In the records below, find the line containing "Rock-resistant stability: rely" and the line containing "transparent background cutout"; please repeat exactly the lines from one to the other, both included, and nothing more.

'''

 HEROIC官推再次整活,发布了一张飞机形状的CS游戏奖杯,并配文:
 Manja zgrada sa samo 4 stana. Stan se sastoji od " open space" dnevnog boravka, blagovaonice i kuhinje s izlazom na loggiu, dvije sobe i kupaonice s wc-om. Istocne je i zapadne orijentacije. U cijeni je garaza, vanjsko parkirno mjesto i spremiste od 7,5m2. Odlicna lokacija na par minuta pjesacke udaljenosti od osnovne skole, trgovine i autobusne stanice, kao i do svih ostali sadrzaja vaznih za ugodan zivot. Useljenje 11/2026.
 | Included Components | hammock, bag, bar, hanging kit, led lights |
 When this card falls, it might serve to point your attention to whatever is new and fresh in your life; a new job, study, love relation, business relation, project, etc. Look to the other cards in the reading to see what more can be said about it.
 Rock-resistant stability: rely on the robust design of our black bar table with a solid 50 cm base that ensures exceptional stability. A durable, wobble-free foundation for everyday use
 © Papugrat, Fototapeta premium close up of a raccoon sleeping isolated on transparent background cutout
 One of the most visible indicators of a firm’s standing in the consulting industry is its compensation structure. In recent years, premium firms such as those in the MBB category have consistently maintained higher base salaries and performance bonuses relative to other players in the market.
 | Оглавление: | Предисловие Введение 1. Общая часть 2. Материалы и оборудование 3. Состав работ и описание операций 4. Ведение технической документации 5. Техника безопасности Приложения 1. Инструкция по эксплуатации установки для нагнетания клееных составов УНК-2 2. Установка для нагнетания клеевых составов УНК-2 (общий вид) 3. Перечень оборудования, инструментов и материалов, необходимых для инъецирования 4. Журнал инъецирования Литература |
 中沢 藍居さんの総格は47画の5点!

'''

● Solution to this exercise:
 Rock-resistant stability: rely on the robust design of our black bar table with a solid 50 cm base that ensures exceptional stability. A durable, wobble-free foundation for everyday use
 © Papugrat, Fototapeta premium close up of a raccoon sleeping isolated on transparent background cutout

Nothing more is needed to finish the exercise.